Despite obtaining all these meaningful conclusions from the correlations between different statistical quantities, we cannot conclude that when a smaller scaling factor is adopted, the model output must be better and of higher clarity. This is because the loss function derived in Section 3.5 only estimates the information loss when comparing the input and output datasets after both encoding and decoding were conducted, but may have ignored the information loss during the preprocessing stage. In actual industrial applications, the information loss of all aspects should be considered, so that an optimal scaling factor can be selected to balance the quality of outputs and model training efficiency.

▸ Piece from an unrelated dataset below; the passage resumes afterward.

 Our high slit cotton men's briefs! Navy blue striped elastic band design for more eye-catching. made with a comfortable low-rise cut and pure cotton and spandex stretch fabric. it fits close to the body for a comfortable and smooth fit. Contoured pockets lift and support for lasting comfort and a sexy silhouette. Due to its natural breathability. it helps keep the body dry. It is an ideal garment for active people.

4.2. Case Study 2: Generating Anime Avatars via the VAE Model

VAE model is not only useful and applicable in generating a mixture of images or combined game levels from an input dataset, but can also be used to obtain new outputs: If we consider a set of images as the input, after encoding and decoding processes, a totally brand-new image can be created as the eventual output. In this case study, a dataset that consists of 60,000 different anime-girls (an example is shown in Figure 3) was ingested into the VAE model, and the two possible outputs of the model are as shown in Figure 11.
In principle, the creation of new figures or images is not only limited to grayscale representation, but can also be feasible when colored images are desired. The VAE model can generate different new images simply by altering the training dataset, and our purpose within this case study is merely to illustrate the possibility of using the VAE model for generating new datasets or frames. In practice, when colored images are of interests, the computer memory needed will almost be tripled, because the RGB color space requires a 3-dimensional array to record the pixel values (i.e., intensities) of all three different colors.

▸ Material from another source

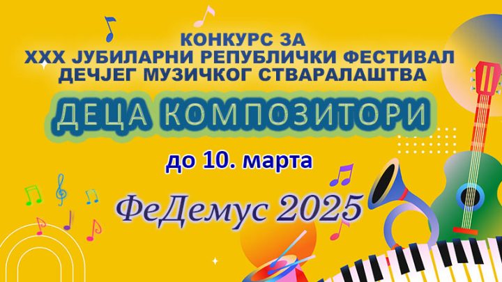 Саопштење за медије ФЕДЕМУС 2025 КОНКУРС „ДЕЦА КОМПОЗИТОРИ“ XXX Републички фестивал дечјег музичког стваралаштва Дечји културни центар Београд позива децу и младе да учествују на 30. јубиларном конкурсу „Деца композитори” Фестивала дечјег музичког стваралаштва […]

4.3. Case Study 3: Application of VAE Model to Data Clustering

The VAE model is considered both a generative model and a feature extractor, because it consists of an encoder and a decoder (which is treated as a generator), and the distribution of the latent variable can approximately be encoded as a standard normal distribution. Therefore, the effectiveness of the VAE model in performing data clustering was tested, because in principle, the feature extractor could conduct the task without any external supervision.
In this study, the MINST dataset of handwritten numbers (described in Section 2.2.3) was used to illustrate the applicability of the VAE model in data clustering. Figure 12a shows the sampled numbers “6, 2, 7”, while Figure 12b showcases the corresponding numbers generated by the VAE model after data clustering was applied to all numbers shown in Figure 12a. Obviously, the VAE model had reasonably good performance in terms of data clustering, and was capable of classifying different data types without any supervision, then generating appropriate images that correspond to the clustered datasets.
Within this case study, 50 epochs was adopted, and the averaged recognition accuracy based on conducting 10 similar experiments via the VAE model was 85.4%. The corresponding training accuracy was around 83.7%. Table 3 shows the average accuracy of data clustering when different numbers of epochs were applied.
When the number of epochs increased from 3 to 5, significant improvement with respect to the performance of data clustering was achieved, where the average accuracy increased abruptly from 29.7% to 57.2%. Figure 13 displays the associated graphical relationship between these two quantities, which verifies that (1) the average recognition accuracy was enhanced as the number of epochs increased; and (2) as the number of epochs increased, the increment in average accuracy decreased, and the average accuracy converged to a threshold bounded above by 0.9 in this case study.
In actual gameplay, game designers can make use of the VAE model to recognize specific patterns of images or video frames, for example, the automatic recognition of sketches from game players. On top, the VAE model is also capable of performing data augmentation, which is particularly useful for puzzle games, where players are required to “draw” an object or “write down” an answer. Once the pattern resembles the model answer, the game will treat the player as “correct” and give out an award, or upgrade the player to more advanced stages of the game. The VAE model can be fully utilized to serve related purposes, for example, pattern recognition and the clustering of objects or datasets.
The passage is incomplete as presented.